ERROR 180-322: Statement is not valid or it is used out of proper order.

 

Please help

 
1 ACCEPTED SOLUTION

Accepted Solutions
Kurt_Bremser
Super User

The DATA _NULL_ step reads all observations from the controlling dataset and will write code for all into the file. When the file is included, the generated steps will run one by one.

Where is the issue?

View solution in original post

10 REPLIES 10
Patrick
Opal | Level 21

Ideally use the running man icon here in the forum for sharing code because this maintains your source formatting.

I find it during development easiest to first PRINT generated code (file print) and then copy/paste the this code into a code window for execution. This then helps me to easier spot syntax errors in the generated code.
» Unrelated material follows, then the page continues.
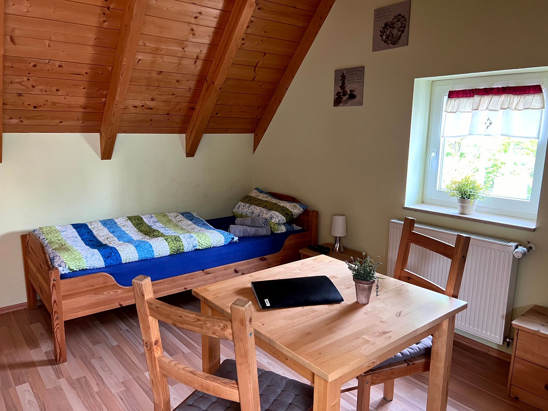 Zimmer 11 und 12 sind komfortable Doppelzimmer, die sich auf einer Etage befinden und ein Bad sowie eine Küche gemeinsam nutzen. Jedes Zimmer ist mit zwei Einzelbetten ausgestattet; in Zimmer 11 können die Betten auf Wunsch auch zusammengestellt werden. Zudem verfügen beide Zimmer über einen Tisch, Stühle, einen Schrank und einen Fernseher.

I find it also worth to put in the bit of extra effort for creation of a somewhat "clean" code structure with line breaks and indention for both the code generation script as well as for the generated code. You get the payback when it comes to debugging and maintenance.

options ls=max ps=max;

libname src 'c:\temp';
data CUSTOMER_FRAME33;
  set src.CUSTOMER_FRAME33;
run;

options ls=max ps=max;
filename EXECU1 TEMP;

data _null_;
/*  file EXECU1;*/
  file print;
  set CUSTOMER_FRAME33;

  if REPORT_NAME in ('ZUIKERBOSCH_DR','ZUIKERBOSCH_RD') then
    do;
      put
        "proc sql; " / 
        "  create table " Data1 "as" / 
        "  select" /
        "    t1.sample_number," /
        "    t1.parent_aliquot," /
        "    t1.sampling_point," /
        "    t1.original_sample," /
        "    t1.sampled_date," /
        "    t2.name," /
        "    t2.formatted_entry," /
        "    t2.units," /
        "    t2.numeric_entry," /
        "    t2.status," /
        "    t2.reportable," /
        "    result_number" /
        ;

      IF REPORT_NAME = 'ZUIKERBOSCH_DR' THEN
        put "  from datasource1.sample t1, VGSQL1.datasource1 t2";
      ELSE IF REPORT_NAME = 'ZUIKERBOSCH_RD' THEN
        put "  from datasource2.sample t1, datasource2.result t2";

      put 
        "  where t1.sample_number=t2.sample_number" / 
        "   and t1.sampled_date between '" start_date date9. "'d and '" end_date date9. "'d" /
        "   and t1.sampling_point in " SAMPLING_POINTS /
        "   and t2.name in " DETERMINANDS /
        "   and t2.status = 'A' " /
        "   and t2.reportable = 'T' " /
        "   and parent_aliquot ne 0;" /
        " quit;"
        ;
    end;
run;

/*%include EXECU1 /source2;*/

Above generates the following SQL with the sample data you've shared. You now can unit test & debug this sample code and potentially then amend the code generation bit based on your findings.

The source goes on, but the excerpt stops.